What conditions are there on a (continuous) test statistic for the $p$-value to be uniformly distributed? I have been trying to prove theorem 10.14 in Wasserman's All of Statisticts, which reads:

If the test statistic has a continuous distribution, then under $ H_0 : \theta = \theta_0 $, the $p$-value has a $ Uniform(0, 1) $ distribution.

Using the definition given for $p$-value and the size $\alpha$ of the test/power $\beta(\theta)$ of a test, this means that if there's a rejection region $ R_\alpha $ for each $ \alpha \in (0, 1) $, and a test statistic $T(X)$, we have:
$$ \text{p-value} = \inf \left\{ \mathbb{P} ( T(X) \in R_\alpha \right\}  $$
Now, if we use the "usual" rejection region,
$$ R = \left\{ x : T(X) > c \right\} $$
for a scalar-valued $ T $, meaning the $R_\alpha$s are just open intervals $ (c, \infty) $. Then $ T $ has a CDF $ F $, and we use $ P = F(T) $ and the universality of the uniform.
However, for $ T $s that aren't scalar valued, or $ R_\alpha$s that don't amount to exceeding some critical value, I'm not sure if the result still holds, and if it does still hold, how to prove it.
EDIT: Upon further reflection, I know how to prove it if I can assume that $ R_\alpha \subset R_{\alpha'} $ when $ \alpha < \alpha' $, which seems like a desirable property for a test statistic, but is not obviously a requirement based on $ T $ being continuous (or anything else I can think of like the definition of a probability).
 A: The test statistic has to be continuous and exact. So a t test works fine for normal data matching the null mean:
set.seed(2020)
pv = replicate(10^5, t.test(rnorm(10, 100, 15), mu=100)$p.val)
mean(pv <= .05)
[1] 0.04953

hist(pv, prob=T, col="skyblue2", main="")
 curve(dunif(x), add=T, n=10001, col="orange", lwd=2)


The bar at far left corresponds to the significance level 5%.
However, the Shapiro-Wilk test statistic does not give a precisely
uniform plot---even though its rejection rate for normal data is very nearly 5%.
set.seed(2020)
pv = replicate(10^5, shapiro.test(rnorm(10, 100, 15))$p.val)
mean(pv <= .05)
[1] 0.04847
hist(pv, prob=T, col="skyblue2", main="")
   curve(dunif(x), add=T, n=10001, col="orange", lwd=2)

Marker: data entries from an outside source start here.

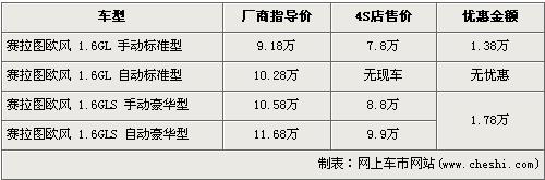 據(jù)經(jīng)銷商處銷售人員介紹,賽拉圖歐風(fēng)全系最高出現(xiàn)1.78萬(wàn)元的優(yōu)惠。賽拉圖歐風(fēng)在售的有4個(gè)車型,入門級(jí)的1.6L手動(dòng)標(biāo)準(zhǔn)版經(jīng)1.38萬(wàn)元的優(yōu)惠后,售價(jià)從廠商指導(dǎo)價(jià)9.18萬(wàn)元降到7.8萬(wàn)元,1.6L豪華版的手動(dòng)版和自動(dòng)版車型都經(jīng)全系最高1.78萬(wàn)元優(yōu)惠后,售價(jià)分別降至8.8萬(wàn)元和9.9萬(wàn)元。經(jīng)銷商處銷售人員還介紹,由于1.6L自動(dòng)標(biāo)準(zhǔn)型沒(méi)有現(xiàn)車所以沒(méi)有在此次優(yōu)惠的列隊(duì)中,其他車型店內(nèi)現(xiàn)車充足。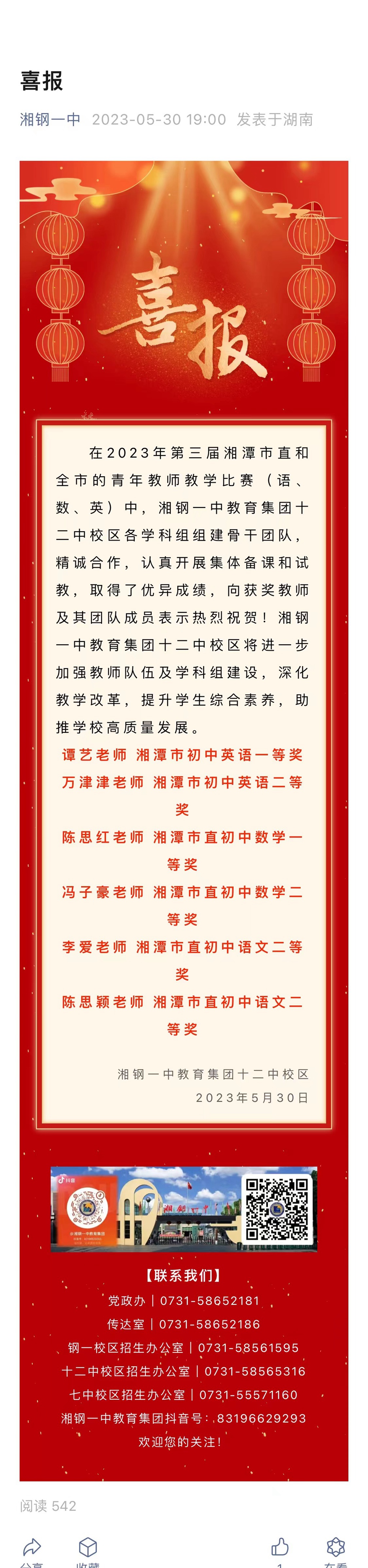 喜報:2023年第三屆湘潭市直和全市的青年教師教學比賽(語、數(shù)、英)
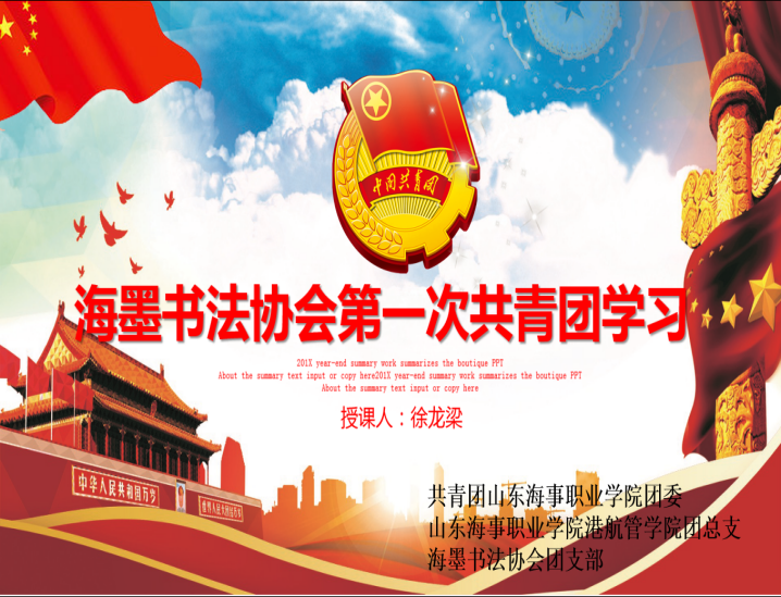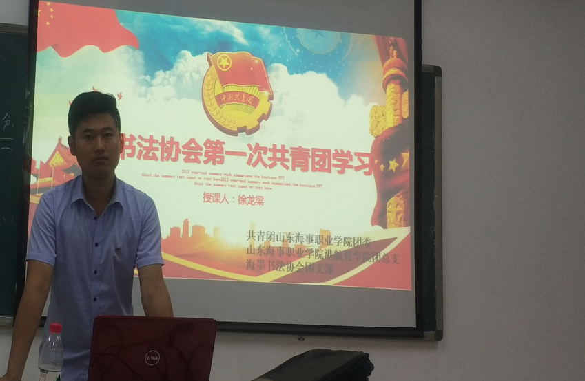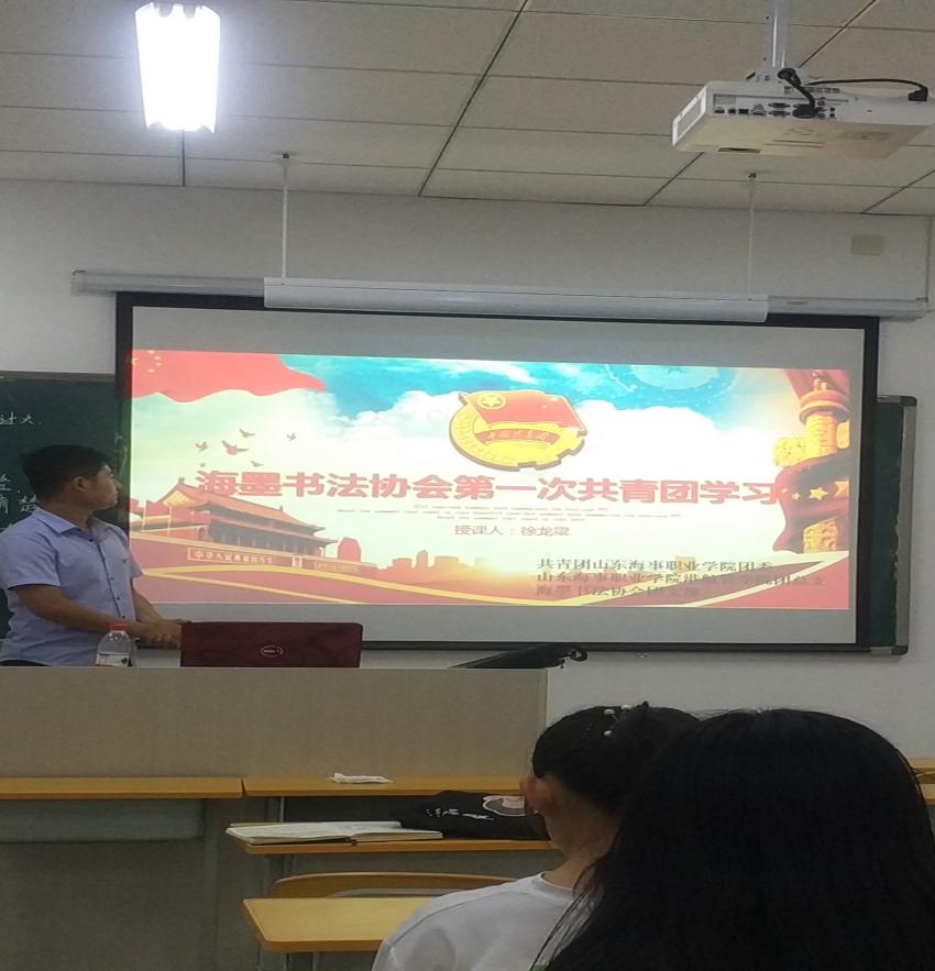 2018年6月18日晚港航管理学院海墨书法协会团支部开展第一期开展共青团知识学习,为深入学习贯彻党的十九大精神和习近平新时代中国特色社会主义思想,进一步加强对党的系统理论学习,努力创建中心学习型团组织。在共青团山东海事职业学院团委和港航管学院团总支大力支持下,港航管理学院海墨书法协会团支部组织海墨书法协会全体共青团员、进行集体学习,会议由港航管理学院团总支书记苑振冬主持,授课由书法协会会长、团支部书记徐龙梁。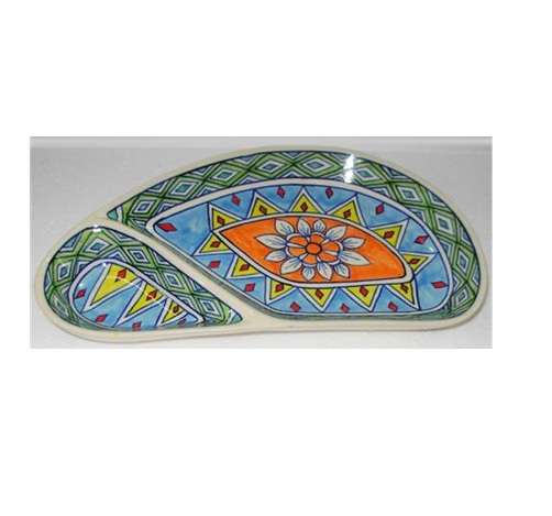 This is a Ceramic Chips n Dip Serving Tray, designed for serving chips and dips together.It features a divided design with a larger section for chips and a smaller section for dip, making it convenient for entertaining. The tray is often made from ceramic or similar materials and comes in various decorative patterns, like the one shown in the image with its colourful geometric and floral design.

Addendum: The conditions of the test need to be met. For example, in a pooled 2-sample t test, group
population variances must be equal (as well as the means, as explicitly specified in the null hypothesis).
set.seed(911)
pv = replicate(10^5, t.test(rnorm(10,0,20),
                            rnorm(20,0,5), var.eq=T)$p.val)
hist(pv, prob=T, col="skyblue2", main="")
 curve(dunif(x), add=T, n=10001, col="orange", lwd=2)


A Welch test is useful even when population variances are grossly unequal; it has very nearly the intended 5% significance level. Also, a histogram of its P-values is hard to distinguish
from uniform, but it is not precisely uniform because the Welch t statistic is an
approximation.